Лёша лишь улыбнулся, когда баба Тамара не дозвонилась.

С тех пор прошёл год. Лёша трижды отпускал бороду и два раза стригся наголо, и это, кажется, всё, что достойно упоминания из его личной жизни.

Сам я женился.

Моя жена называла себя поэтом. Нет, конечно, биологически она была поэтессой и в частной жизни оставалась женщиной тоже, но стоило кому-то коснуться литературы, как она превращалась в поэта. Я был в теме, хотя…

– Сейчас не время поэтов, – говорил один бывший большой советский поэт. – Хорошее стихотворение перестало пользоваться общественным спросом. Версификация понимается как процесс обратный диверсификации.

Этого бывшего большого советского поэта звали Иван Годимый. Пусть бывший, но он и сейчас был внушителен. Он производил впечатление раритетного советского лимузина. Всё, кроме года выпуска и пробега, у него было на виду, и этого было вполне достаточно. Из менявшихся запчастей наиболее выделялись только зубы. Они сверкали, как никелированная решётка радиатора. Глядя на них, уже требовалось небольшое усилие, чтобы полнее сосредоточиться на тех тихих, приятных, рокочущих звуках, которые выплывали из-за этой решётки.

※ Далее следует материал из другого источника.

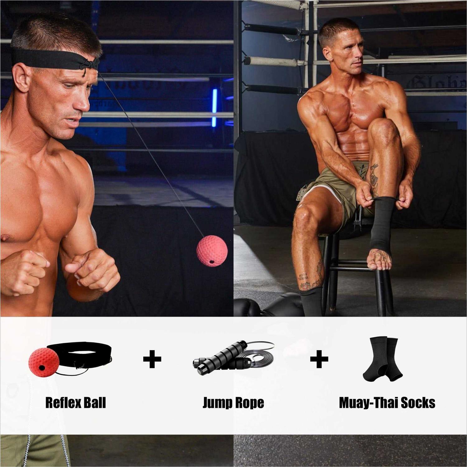 HEAVY DUTY LEATHER MUAY THAI BAG: Muay Thai punching bag for men & women is built from high-quality & long-lasting leather to ensure punching and kicking bag is strong enough to handle years of constant blows & rough handling; the reinforced stitching helps heavy kicking bag for adults retain its shape after being filled adults punching bag to full capacity; the adults punching bag can be easily cleaned with a damp cloth or wipe; this leather punching bag can absorb the impact of your strikes. MUAY THAI TRAINING KIT REFLEX BALL SET, SPEED JMUP ROPE: Muay Thai heavy bag for men comes with a muay thai training kit containing muay thai reflex ball, muay thai gloves, & mauy thai socks; muay thai equipment helps train taekwondo kicking bag, karate punching bag, jeet kune do punching bag & stabilize kickboxing heavy bag & provides a cushion when practicing leg strikes heavy kick bag; the PU boxing speed reflex ball set helps with speed & accuracy of punches with muay thai kick boxing bags. 6 FT TALL & 20″ WIDE MUAY THAI BAG: The Muay Thai punching bag is 6 ft tall & 20″ wide; compared to regular adults heavy punching bags, the Muay Thai bag is longer to make it easier to practice long-distance strikes & practice striking bag from different angles; the kickboxing punching bag, bjj punching bag, krav maga punching bag, kendo punching bag & aikido punching bag is quite long, heavy punching bag will not touch the ground if you hang it with our kick boxing bag for women and men holder. HANGING STRAPS, HOOK, & KICKBOXING BAG HOLDER INCLUDED: Muay Thai heavy bag comes with hanging straps, a hook, kickboxing bags holder; kick punching bag can be hung securely; installation hardware is included with a mounting holder for easy installation & removal of adults heavy bag boxing; hook & straps to hang the kick boxing bag adults according to your eye level or height; you can also attach the other strap or reposition the hook to another sturdy mount of adults muay thai bags. BLACK COLOR MUAY THAI BAG: Elite adults Muay Thai bag is available in a striking bag black color scheme; depending on the layout of your workout space, this muay thai training kickboxing bag equipment gear could either stand out against the bright interior or blend in with the darker walls, ceiling, or floor; if you feel hanging punching bag for men is out of place, it is easy to carry muay thai punching bag between rooms & set this muay thai bag for men and women up in another location. The Elite Muay Thai punching bag set is the ultimate kit for practicing Muay Thai kickboxing & MMA. Our Muay Thai punching bag for adults comes with additional kickboxing equipment, such as a mounting hinge, hanging punching bag straps, a patent-pending phone case, Muay Thai ankle wraps, muay thai socks, premium 12 oz Muay Thai gloves for men & women & kickboxing bag hand wraps. Additionally, this kick boxing training equipment set includes a muay thai jump rope & a kick boxing reflex ball to enhance your Muay Thai training experience. Our adults 6ft Muay Thai bag unfilled includes pre-marked upper & lower body zones, 6 feet muay thai punching bag with gloves for adults enabling you to practice a full range of strikes & other Muay Thai heavy bag with gloves techniques. Crafted from a blend of heavy-duty leather & polyester, our 20” wide Muay Thai bag with gloves for men can withstand prolonged rough use & hits. The kick punching bag’s height & material help martial artists develop precision & power in striking bag training. The inner pearl & cotton buffer in Muay Thai punching bag with gloves offers optimal impact absorption, it not only contributes to the kickboxing punching bag’s longevity but kicking bag also gives your hands comfort. The muay thai hand wraps & 12 oz muay thai gloves for men provided with MMA punching bag for men help protect against discomfort. With thick foam padding & anti-wear material, kick boxing bag gloves for men offer a secure fit. The kick boxing heavy bag muay thai gloves for women & men strike a balance in size & weight, making muay thai bag ideal for Muay Thai training. The muay thai hand wraps for men offer support, stabilizing your wrists & knuckles. This kick boxing punching and kicking bag for adults set includes Muay Thai ankle wraps, muay thai socks that offer ankle support during intense muay thai kick bag training sessions, also used as taekwondo kicking bag, karate punching bag, jeet kune do punching bag, bjj punching bag, krav maga punching bag, kendo punching bag & aikido punching bag. To enhance your hand-eye coordination, Muay Thai heavy punching bag for adults includes a reflex ball and a muay thai jump rope. You can use these tools to create different Muay Thai boxing heavy punching bag drills and kickboxing bags workouts. This 6 foot leather Muay Thai punching bag for men is easy to install using sturdy steel kick boxing heavy bag chains, swivel, carabiner, and muay thai heavy punching bags for men hook hangers with bolts.
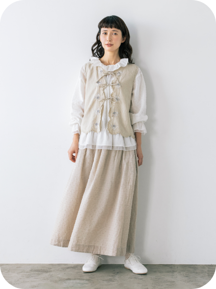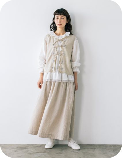 表地のボタンをすべて外してウエストでリボン結びするとエプロンスカートに。さまざまなボトムスレイヤードを満喫してみて。
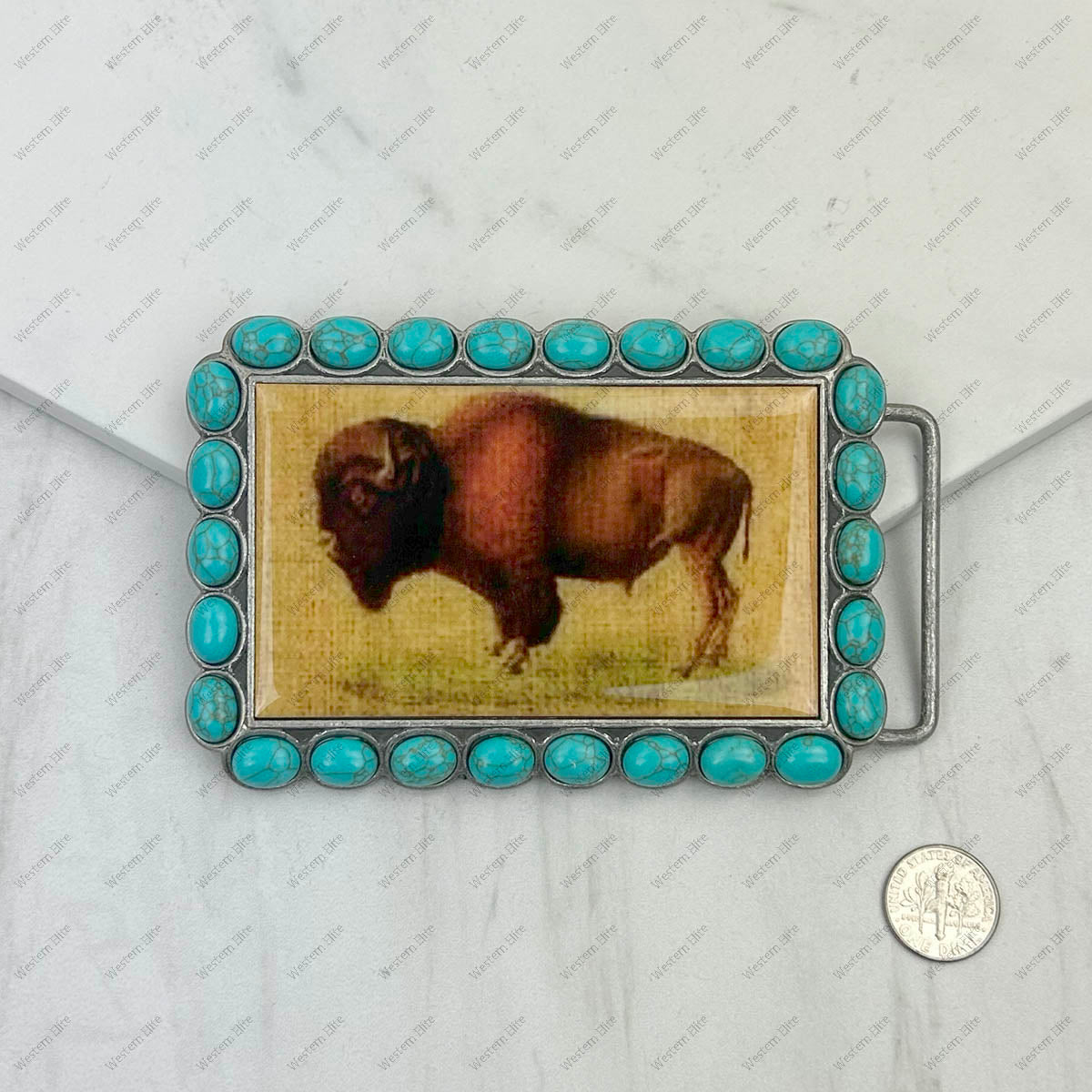 BUK240213-08 Triangle silver metal with blue turquoise stone and cowboy Belt buckle

Этот Годимый невольно стал моим сватом.

Судьба нас свела на квартире у Вики, которая собирала друзей по случаю своей первой в жизни большой публикации. Стихи Виктории Обойдёновой («Обойдёнова» был её творческий псевдоним, за фамилиями стало не уследить) напечатал некий литературный журнал «Волхв». Я называю его «неким», потому что по сути он был никакой. Не новый, не старый, не толстый, не тонкий, не правый, не левый, не для эстетов, не для народа, а ровно такой, чтобы через три номера снова плюхнуться в воды Леты, откуда он не выныривал с конца XIX-го века и откуда вновь вынырнет только в начале XXII-го. Что было обидно. Стихи Вики не заслуживали того, чтобы целый век пролежать замытыми в речном иле и чтобы в них лезла носом каждая проходная стерлядь или же рак с клешнёй. Потому что стихи были очень трогательные, а главное, я не сомневался, написаны самой Викой. Мне это было важно. Ещё на той дачной свадьбе я затолкал Викторию под лестницу и рассказал ей об одной интересной сделке, которую мне предлагал Март. Вика расхохоталась, вытолкала меня из-под лестницы, громко подозвала Евгения Александровича Марта, погладила его по головке и поцеловала сверху в макушку. На его месте я бы оскорбился, а Евгеша только мурлыкнул.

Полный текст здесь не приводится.